В замечательной статье Г.В.Плеханова “Генрик Ибсен” есть такая мысль: “Каждая личность своей особой походкой идет по дороге протеста. Но куда ведет эта дорога, это зависит от общественной среды, окружающей протестующую личность. Характер отрицания определяется характером того, что подвергается отрицанию”. Эти удивительные слова как бы обобщают биографию людей моего поколения.

Духовные свойства среды, в которой я родился и вырос, отмечены были косностью, мелочностью, не знающей границ тиранией и сделками с совестью. Она обладала всевидящим глазом и ненавидела все то, что хоть немного расходилось с общепринятыми взглядами. Надо представить себе эту среду в условиях еврейской отверженности в старой России.

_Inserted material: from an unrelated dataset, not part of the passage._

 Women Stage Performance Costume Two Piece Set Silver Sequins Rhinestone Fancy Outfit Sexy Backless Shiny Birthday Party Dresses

Однако в условиях Новороссии восьмидесятых-девяностых годов, когда край был охвачен лихорадочным оживлением, когда ее экономическая жизнь била ключом, росли торговля, промышленность, города, и она быстро пробуждалась от долгой спячки, – еврейское население не могло остаться неподвижным и не втянуться в новое русло.

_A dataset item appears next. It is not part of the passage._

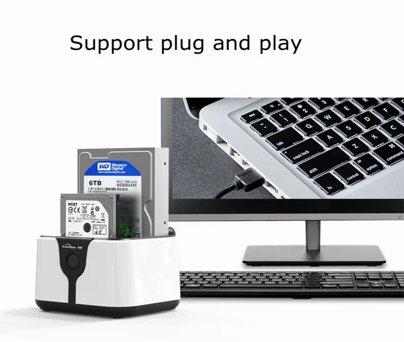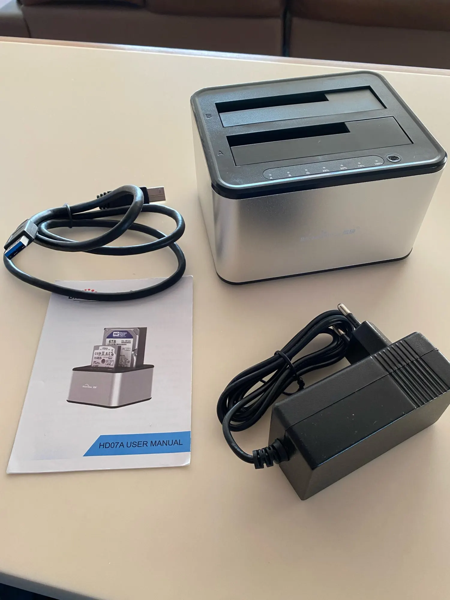Товар получен, работоспособен. комплектация на фото. Так и не понял для чего нужна кнопка спереди, так как она ни на что не реагирует. В целом выглядит хорошо. Хотя пластик мягковат. На одном из фото показана скорость копирования фильма в 2 Гб с одного жесткого диска на другой, установлены оба в док-станцию. Продавец положил пару презентов: переходник с USB на type C и классный чехол для жесткого диска 2.5. Спасибо)

О том, что новые условия жизни Новороссии оказались, по-видимому, благоприятными и для евреев, свидетельствует непрерывный приток туда пришельцев из западных губерний. Искусственно скученные в местечках Литвы и Белоруссии, евреи задыхались без воздуха и света, обреченные на нищету и голодную жизнь. Эти несчастные, обездоленные люди были живыми призраками, которых поддерживала фантазия, вселявшая в них надежду и жизнь.

Когда-то Сервантес и Доде смеялись над своими соотечественниками в образах Дон Кихота и Тартарена, но Дон Кихот из Ламанчи и Тартарен из Тараскона были люди, вышедшие из недр народов, обладавших государственностью, образованностью, европейской культурой. “Люди черты” были бесправные, гонимые скитальцы, иронический образ которых воплощался в человеке, прыгающим в новолуние перед луной, сопровождая свое прыганье чтением молитвы. Презираемые, заплеванные врагами, застращенные всякими гнусными измышлениями, эти люди жили в мире фантазий и легенд, принимаемых ими за действительность. Они породили волнующие человеческие образы в произведениях еврейских писателей Абрамовича и Шолом-Алейхема.

Обремененные наследством своего страдальческого прошлого, эти люди принесли его в современность. Многое умерло в нем, но многое сохраняло долгую жизнь. К последнему, в частности, относятся слова Гилеля: “Если не я за себя, то кто за меня? Но если я только за себя, то кто же я?” Далек ли от истины был Гейне, когда он назвал евреев “мертвым бессмертным народом”?

В моей детской памяти евреи представали народом, ведшим в стране, давшей ему приют, жизнь париев. Он безнаказанно подвергался оскорблениям и унижениям. Черносотенная пресса открыто разжигала вражду и ненависть к нему. Преступные подстрекатели играли на темных инстинктах толпы, готовили погромы, резню.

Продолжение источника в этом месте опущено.